Fortunately, image wasn’t everything Monday night with the Eroica Trio, which nevertheless wasn’t beyond making the most of appearances. Lots of sequins. Lots of skin. Well, it was a warm evening.

But the three young women who make up the Eroica Trio--Erika Nickrenz, piano; Adela Pena, violin, and Sara Sant’Ambrogio, cello--quickly forced one to forget about looks. In closing the seventh season of Chamber Music Under the Stars at John Anson Ford Amphitheatre, the Eroica turned out to be a highly accomplished, serious and compelling presence.

In Beethoven’s jolly Trio in B-flat, Opus 11, the trio revealed muscle and grace in equal parts, finely honed ensemble skills and individual playing of polished character. Interpretive niceties didn’t fall by the wayside either, as when the group showed just how stodgy the finale’s theme (by Joseph Weigl) is, and thereby pointed up just how inspired Beethoven’s variations are.
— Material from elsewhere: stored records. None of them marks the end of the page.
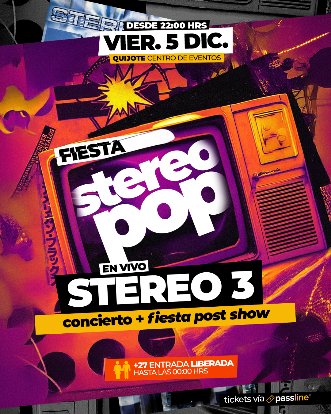 Este viernes 05 de diciembre, los amantes de los clásicos podrán disfrutar de un evento imperdible protagonizado por “Stereo 3”, la banda que marcó a toda una generación.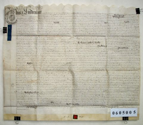 | Parchment : 1 sheet 63cm x 74cm with 1 wax seal, signature and revenue stamps. | |||||||||||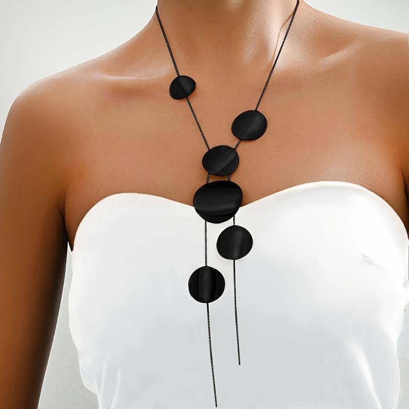 This minimalist Y shape necklace features a geometric circle pendant with 3 interconnected links. It is versatile for daily wear and parties year-round, adding a touch of sophistication to your look.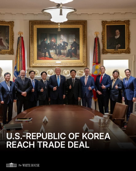 백악관은 이날 “트럼프 대통령이 또 하나의 역사적인 무역 합의를 한국에서 얻어 냈다”면서 트럼프 대통령과 협상단이 전날 백악관에서 찍은 단체 사진을 엑스(X·옛 트위터)에 올렸다.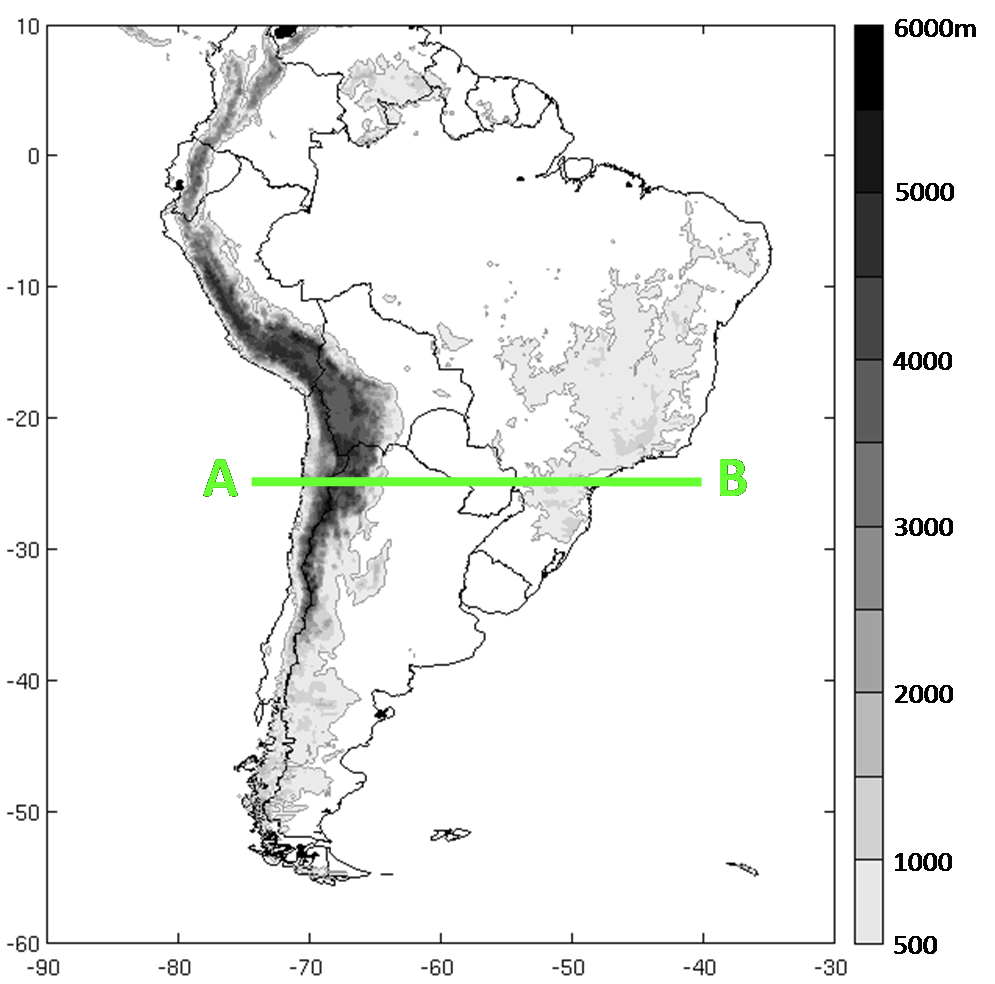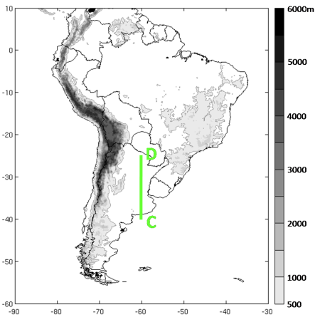 • Meridional wind: maximum of the northerly wind immediately to the east of the Andes at around 850 hPa.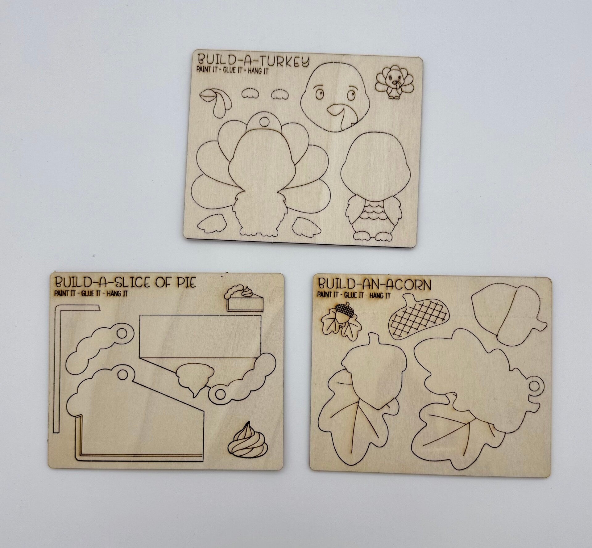 Kit comes with 1 paint brush, 5 assorted washable tempera paints colors and 1 bottle of washable non toxic glue for every 3 assorted wood pop out activites. Total of 3 unique designs.

Mendelssohn’s D-minor Trio, Opus 49, became an opportunity for virtuosic display, and though there was never a lack of emotional weight, swift tempos did the job. Unlike the Mendelssohn, however, the Brahms Hungarian Dance played in encore seemed merely display, with its too-fast tempos and showy shifts of gear impressively negotiated.

The fierce reading of Shostakovich’s E-minor Trio, Opus 67, was prefaced by cellist Sant’Ambrogio’s spoken interpretation of its meaning, which contained a few stretchers. The performance had it all though--vigor, restraint, monumental effects, whispered nuances, sinister darkness and comedy. It revealed the work to be its usual unequivocally enigmatic self.